■ **REQUIRED WORK**:
The span to repeat in the listing below runs from the line containing "Disney Mickey Mouse" to the line containing "Koko 148 x 210", inclusive. Repeat it exactly, and only it.

■ **RECORDS FOR THE EXERCISE**:
......

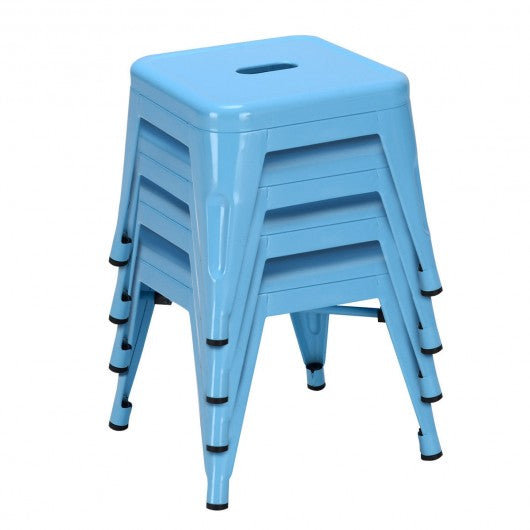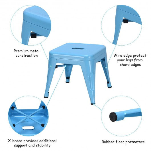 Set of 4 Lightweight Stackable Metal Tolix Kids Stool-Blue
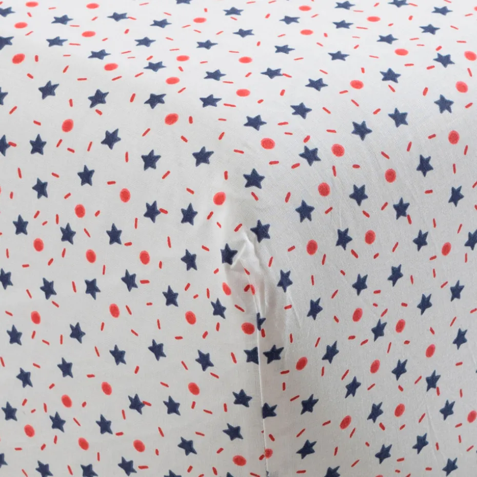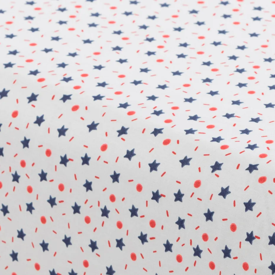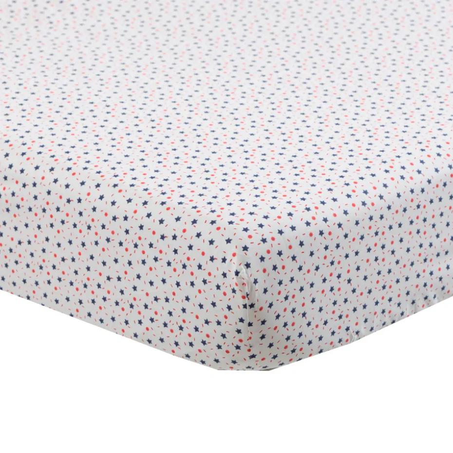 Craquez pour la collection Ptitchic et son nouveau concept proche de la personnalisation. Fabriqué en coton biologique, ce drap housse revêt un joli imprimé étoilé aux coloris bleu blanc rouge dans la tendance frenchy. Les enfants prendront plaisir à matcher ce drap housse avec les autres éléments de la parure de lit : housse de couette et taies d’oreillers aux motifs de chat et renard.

......

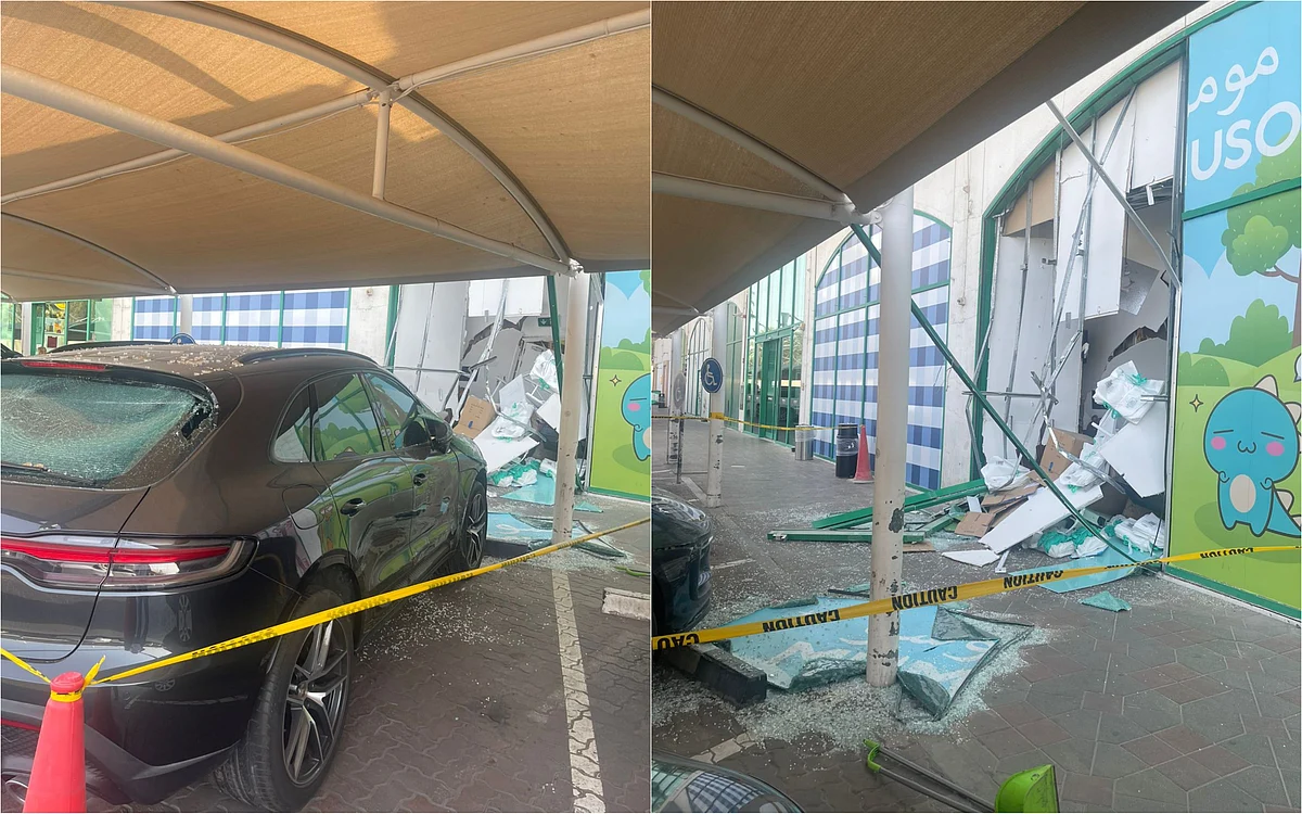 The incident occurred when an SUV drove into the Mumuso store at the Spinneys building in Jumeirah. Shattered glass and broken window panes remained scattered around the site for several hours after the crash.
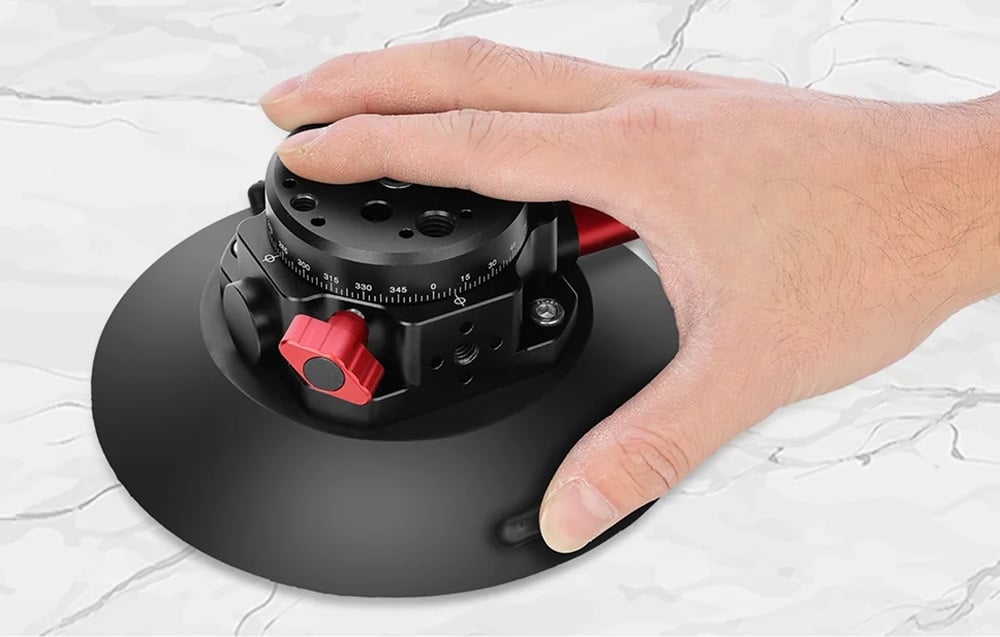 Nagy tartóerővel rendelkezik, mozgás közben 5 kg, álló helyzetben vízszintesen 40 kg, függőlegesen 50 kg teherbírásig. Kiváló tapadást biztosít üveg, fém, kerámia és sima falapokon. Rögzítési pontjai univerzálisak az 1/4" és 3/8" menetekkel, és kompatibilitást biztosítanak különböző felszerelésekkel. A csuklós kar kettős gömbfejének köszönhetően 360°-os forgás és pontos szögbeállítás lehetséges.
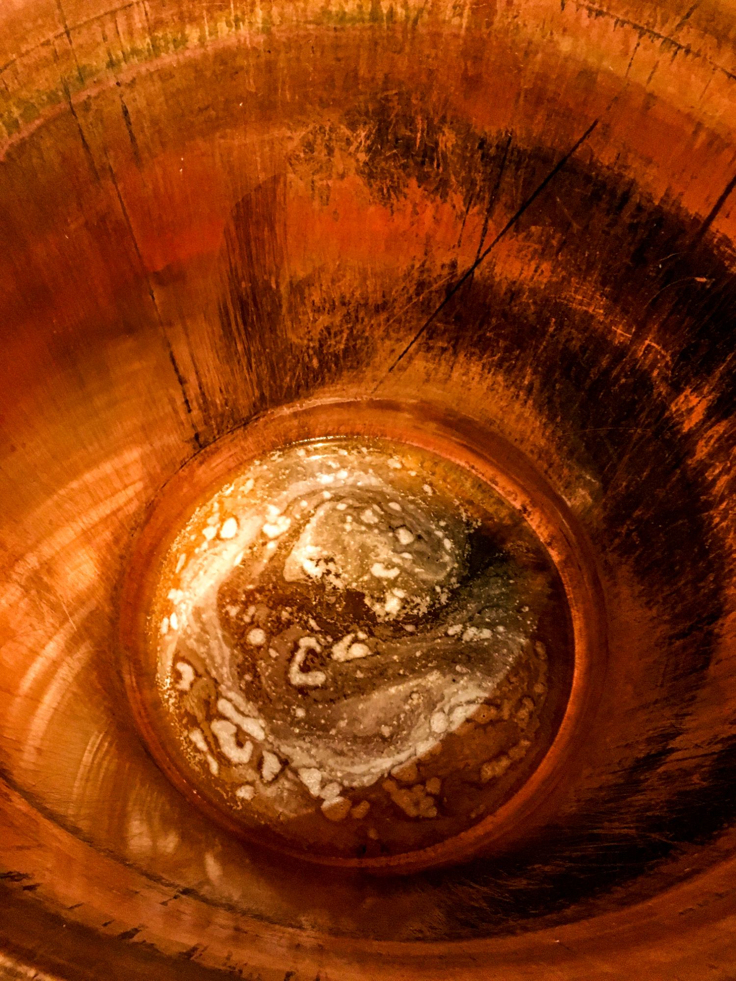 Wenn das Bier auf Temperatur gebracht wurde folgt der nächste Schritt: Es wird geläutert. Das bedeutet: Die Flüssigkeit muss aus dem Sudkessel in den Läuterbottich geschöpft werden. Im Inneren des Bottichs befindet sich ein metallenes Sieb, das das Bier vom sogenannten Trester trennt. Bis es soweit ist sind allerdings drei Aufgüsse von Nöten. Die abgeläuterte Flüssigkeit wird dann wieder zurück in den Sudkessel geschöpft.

......

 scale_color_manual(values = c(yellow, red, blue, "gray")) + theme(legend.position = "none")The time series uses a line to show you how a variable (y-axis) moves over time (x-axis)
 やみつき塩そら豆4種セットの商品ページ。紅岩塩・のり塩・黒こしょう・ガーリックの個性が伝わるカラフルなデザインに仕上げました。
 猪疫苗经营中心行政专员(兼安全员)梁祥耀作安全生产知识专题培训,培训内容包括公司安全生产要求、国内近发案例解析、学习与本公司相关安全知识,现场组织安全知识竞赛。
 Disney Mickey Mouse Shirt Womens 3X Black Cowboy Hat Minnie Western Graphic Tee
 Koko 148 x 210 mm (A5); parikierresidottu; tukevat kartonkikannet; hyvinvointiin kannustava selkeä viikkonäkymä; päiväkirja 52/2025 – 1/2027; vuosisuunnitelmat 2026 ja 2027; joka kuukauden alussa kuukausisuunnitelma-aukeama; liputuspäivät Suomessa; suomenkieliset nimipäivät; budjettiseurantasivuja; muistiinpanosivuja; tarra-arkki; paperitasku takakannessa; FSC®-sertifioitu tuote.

......

■ **TASK SOLUTION**:
 Disney Mickey Mouse Shirt Womens 3X Black Cowboy Hat Minnie Western Graphic Tee
 Koko 148 x 210 mm (A5); parikierresidottu; tukevat kartonkikannet; hyvinvointiin kannustava selkeä viikkonäkymä; päiväkirja 52/2025 – 1/2027; vuosisuunnitelmat 2026 ja 2027; joka kuukauden alussa kuukausisuunnitelma-aukeama; liputuspäivät Suomessa; suomenkieliset nimipäivät; budjettiseurantasivuja; muistiinpanosivuja; tarra-arkki; paperitasku takakannessa; FSC®-sertifioitu tuote.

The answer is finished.